[Opening Raw data section]

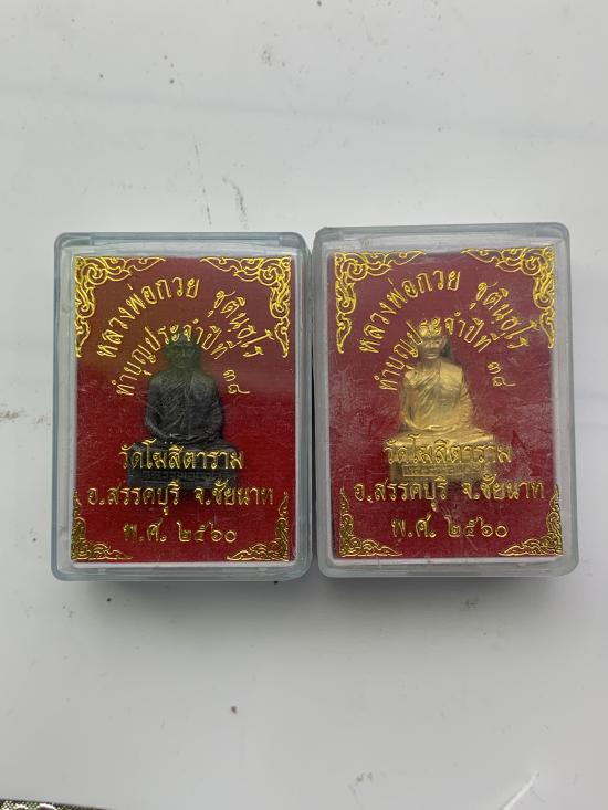 (เคาะเดียววัดใจ)เเพ็คคู่หลวงพ่อกวย ปี60 รมดำ ,กระไหล่ทอง สวยเดิม
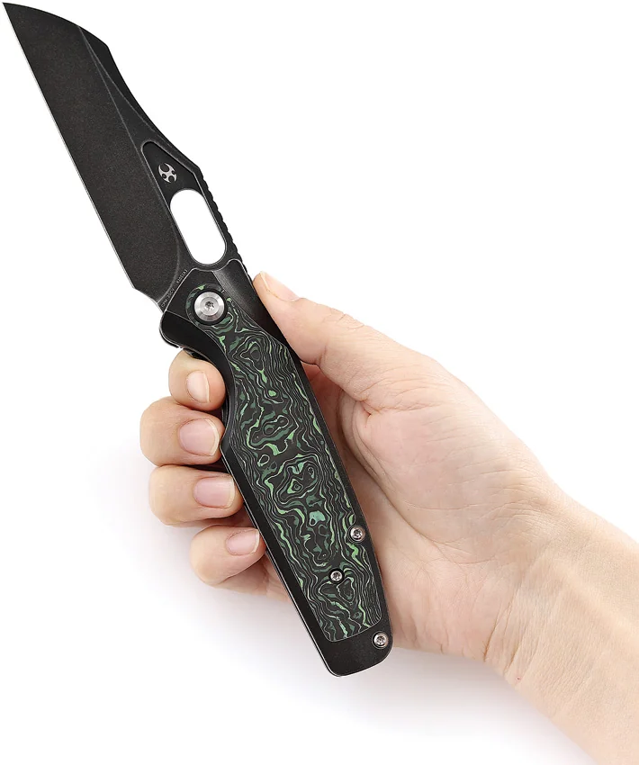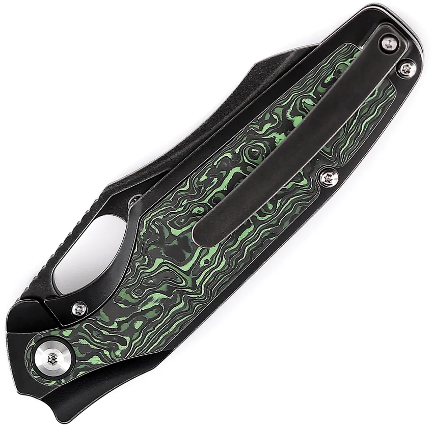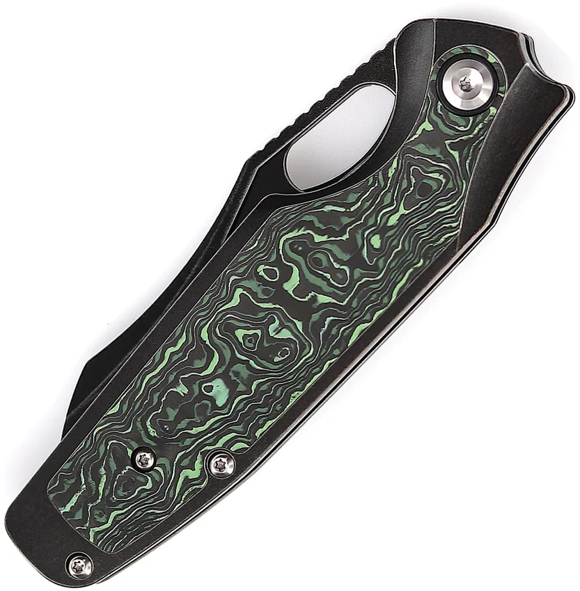 4.5″ (11.43cm) closed. 3.5″ (8.89cm) black stonewash finish CPM-20CV stainless blade. Black stonewash finish titanium handle with Green and black carbon fiber inlay. Thumb pull. Pocket clip. Black nylon pouch. Boxed.
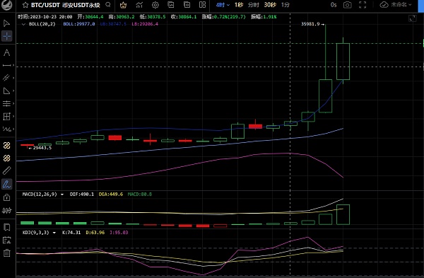 四小时技术结构上来看,布林带依旧呈现开口向上行运行,行情目前运行在布林带上轨,MACD多头量能柱持续放量,KDJ指标三线走出平行向上,空头较为乏力,早间一波插针拉至36000附近,下方支撑依旧十分稳固,走势结构上在高位居高不下,说明整体走势也是偏向多头,所以这种强势节奏下建议回踩低多为主高空为辅。
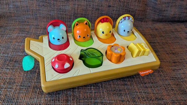 Fisher-Price Pop-Up toy with adorable animal characters that pop up when you press the corresponding shape.
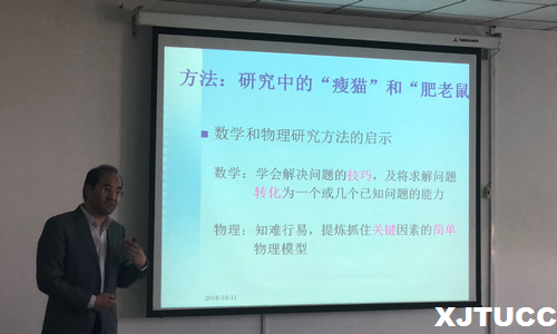 会议伊始,吴九汇教授对参加本次讲座的各位老师表示感谢。随后,吴教授从科学研究的方法、方向、意义等五个方面介绍了本次会议的内容。他表示,在研究中,选题时要弄清研究中的“树干”和“树枝”,掌握找到“瘦猫”和“肥老鼠”的方法,并举出了许多详细的科学研究事例来阐述“他山之石,可以攻玉”的理念。最后,吴九汇教授就如何利用数学和物理的方法、科学与工程的关系、研究中的自信以及如何申请基金项目等内容为我院老师做了详细总结。
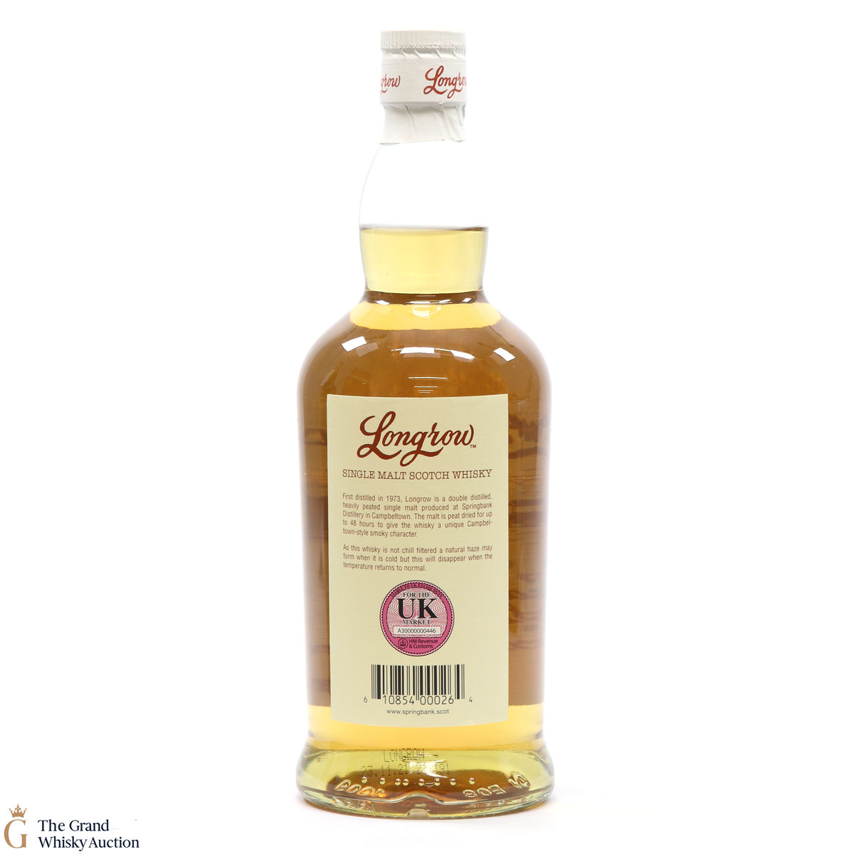 A bottle of Longrow Peated - This is essentially the awesome Longrow C.V. bottling in new packaging, which used to be Longrow's entry-level whisky. Longrow is Springbank's heavily peated whisky - this is a no age statement expression.
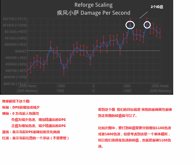 注意的是,增强的急速/精通搭配是一个非线性变化,并且往往会有多个峰值断点,这个断点是随着你的装等和配装而变化的,而不是我们常常认为的比如40%精通 60%急速 这样一个线性的比例关系。
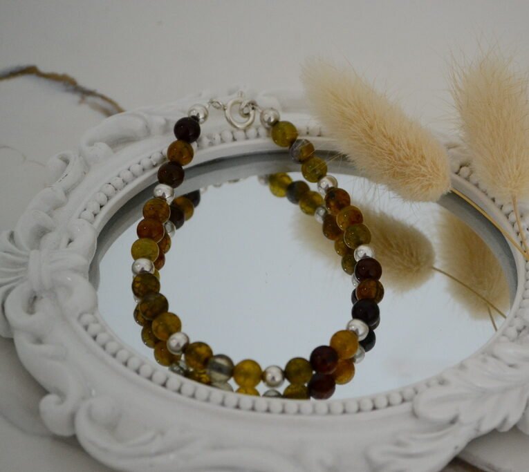 Pulsera Piedras Naturales: Ágata Natural 6mm con Bolitas 4mm de Plata Intercaladas

[Closing Raw data section]

● Your goal
Your reply should consist solely of the lines above, from the opening line through the line with "四小时技术结构上来看,布林带", reproduced exactly and without pictures.

● Result
 (เคาะเดียววัดใจ)เเพ็คคู่หลวงพ่อกวย ปี60 รมดำ ,กระไหล่ทอง สวยเดิม
 4.5″ (11.43cm) closed. 3.5″ (8.89cm) black stonewash finish CPM-20CV stainless blade. Black stonewash finish titanium handle with Green and black carbon fiber inlay. Thumb pull. Pocket clip. Black nylon pouch. Boxed.
 四小时技术结构上来看,布林带依旧呈现开口向上行运行,行情目前运行在布林带上轨,MACD多头量能柱持续放量,KDJ指标三线走出平行向上,空头较为乏力,早间一波插针拉至36000附近,下方支撑依旧十分稳固,走势结构上在高位居高不下,说明整体走势也是偏向多头,所以这种强势节奏下建议回踩低多为主高空为辅。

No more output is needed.